▶ THE TASK:
In the records below, reproduce exactly the lines from the one containing "Enchant creature Enchanted" through the one containing "Kroz provedene aktivnosti", both included, and omit the pictures.

▶ DATA FOR THE TASK:
[Start of Attachment]
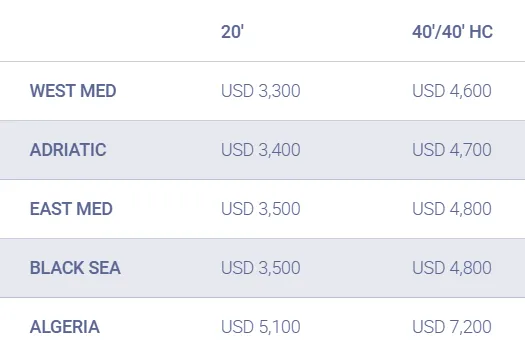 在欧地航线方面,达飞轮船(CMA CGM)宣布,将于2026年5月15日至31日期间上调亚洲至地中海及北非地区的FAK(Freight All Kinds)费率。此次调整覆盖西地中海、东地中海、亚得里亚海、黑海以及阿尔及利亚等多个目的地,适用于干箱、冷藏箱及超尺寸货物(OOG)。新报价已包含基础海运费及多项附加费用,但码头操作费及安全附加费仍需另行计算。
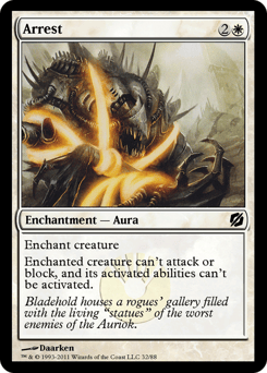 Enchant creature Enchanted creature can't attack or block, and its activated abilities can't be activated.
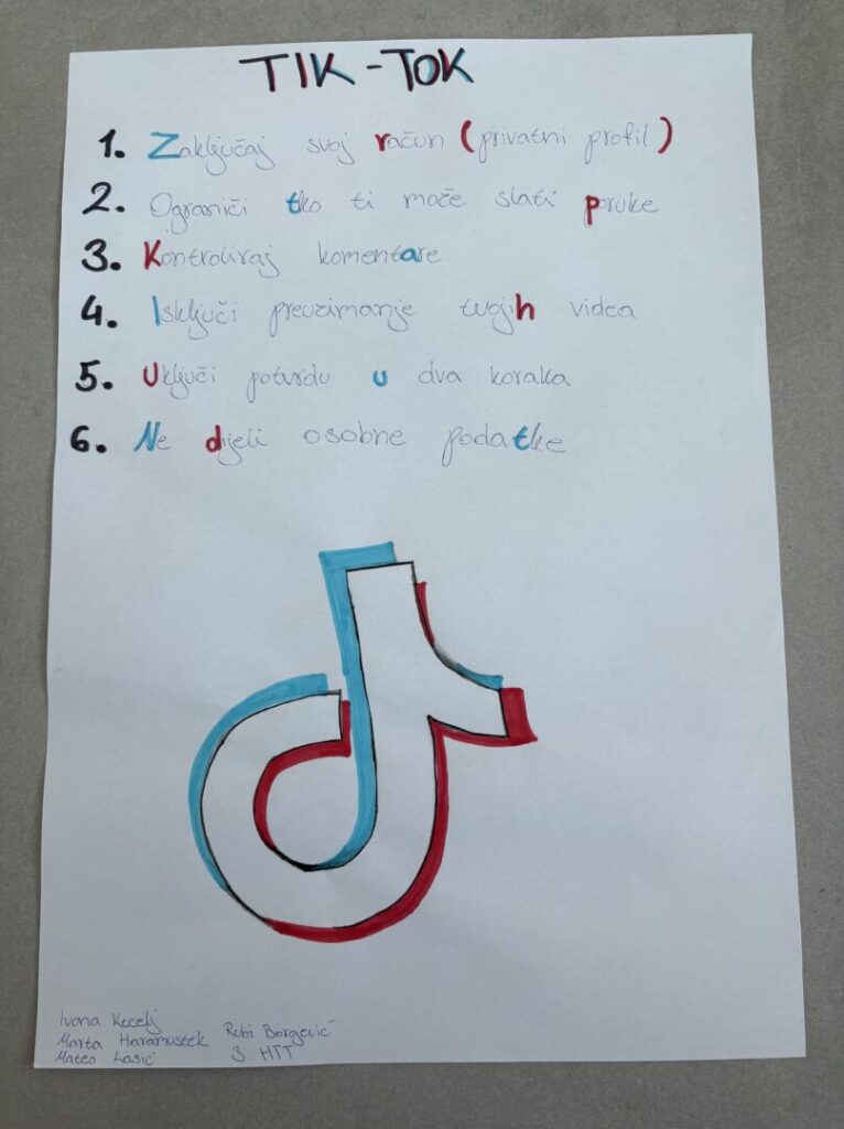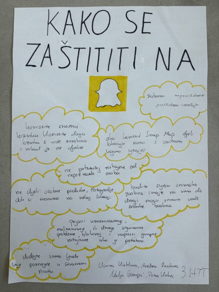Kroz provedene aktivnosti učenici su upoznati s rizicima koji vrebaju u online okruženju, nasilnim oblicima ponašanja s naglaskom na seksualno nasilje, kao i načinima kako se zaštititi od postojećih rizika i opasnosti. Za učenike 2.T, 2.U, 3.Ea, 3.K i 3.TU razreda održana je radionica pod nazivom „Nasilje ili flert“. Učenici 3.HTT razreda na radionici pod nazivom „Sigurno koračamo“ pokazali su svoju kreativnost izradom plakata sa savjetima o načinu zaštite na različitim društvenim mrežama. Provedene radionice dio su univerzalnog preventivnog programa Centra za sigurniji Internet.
[End of Attachment]
[Start of Attachment]
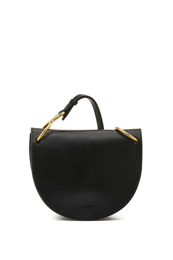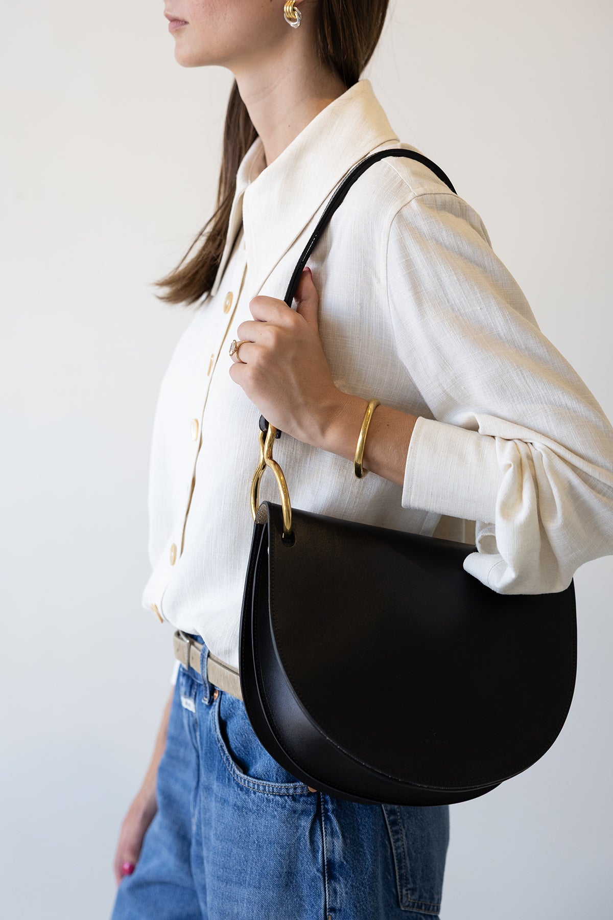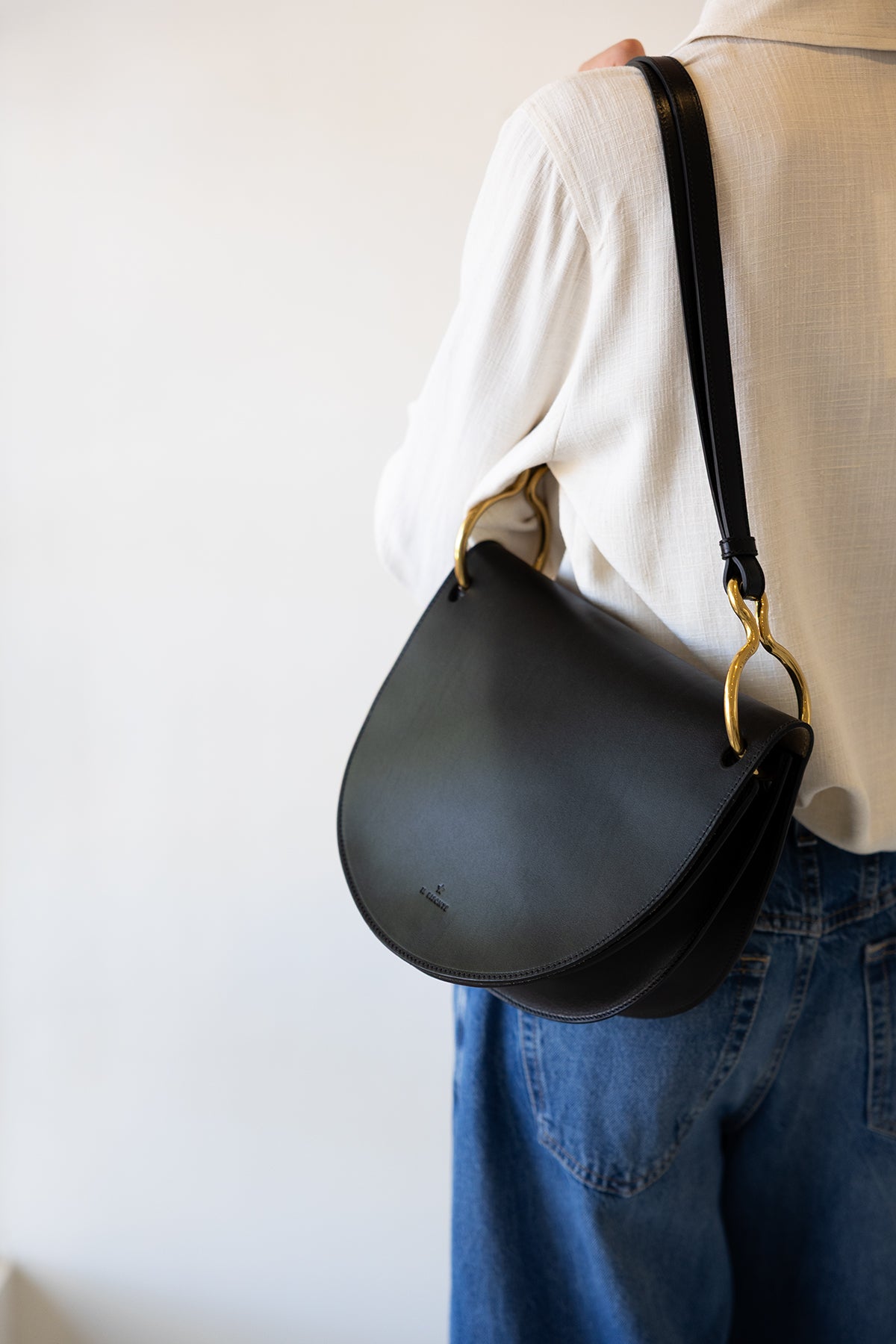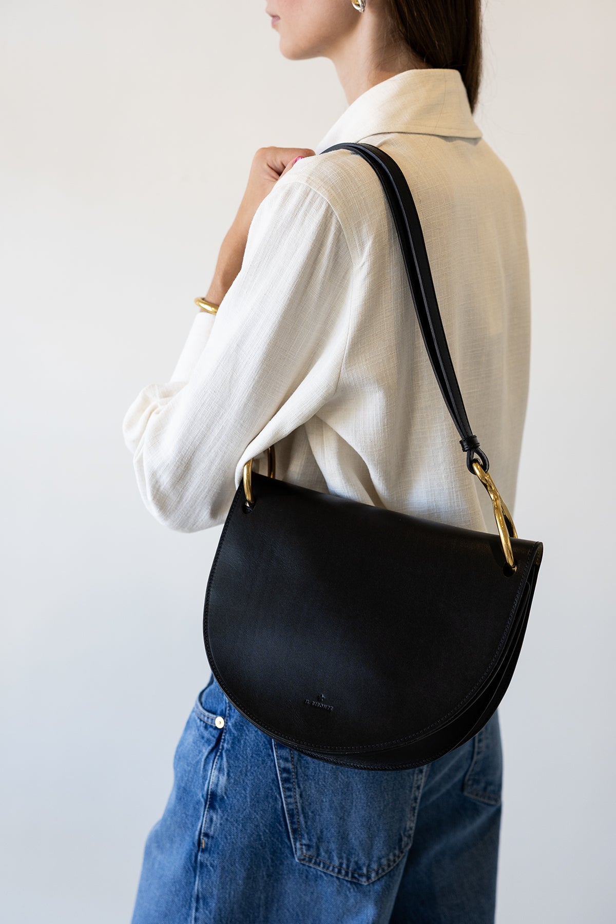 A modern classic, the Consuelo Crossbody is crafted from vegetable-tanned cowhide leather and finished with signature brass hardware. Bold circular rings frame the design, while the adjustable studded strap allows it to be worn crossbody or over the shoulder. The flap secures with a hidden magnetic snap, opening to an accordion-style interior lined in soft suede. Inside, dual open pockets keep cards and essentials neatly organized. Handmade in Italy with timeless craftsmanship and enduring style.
[End of Attachment]
▶ WRITTEN SOLUTION:
 Enchant creature Enchanted creature can't attack or block, and its activated abilities can't be activated.
Kroz provedene aktivnosti učenici su upoznati s rizicima koji vrebaju u online okruženju, nasilnim oblicima ponašanja s naglaskom na seksualno nasilje, kao i načinima kako se zaštititi od postojećih rizika i opasnosti. Za učenike 2.T, 2.U, 3.Ea, 3.K i 3.TU razreda održana je radionica pod nazivom „Nasilje ili flert“. Učenici 3.HTT razreda na radionici pod nazivom „Sigurno koračamo“ pokazali su svoju kreativnost izradom plakata sa savjetima o načinu zaštite na različitim društvenim mrežama. Provedene radionice dio su univerzalnog preventivnog programa Centra za sigurniji Internet.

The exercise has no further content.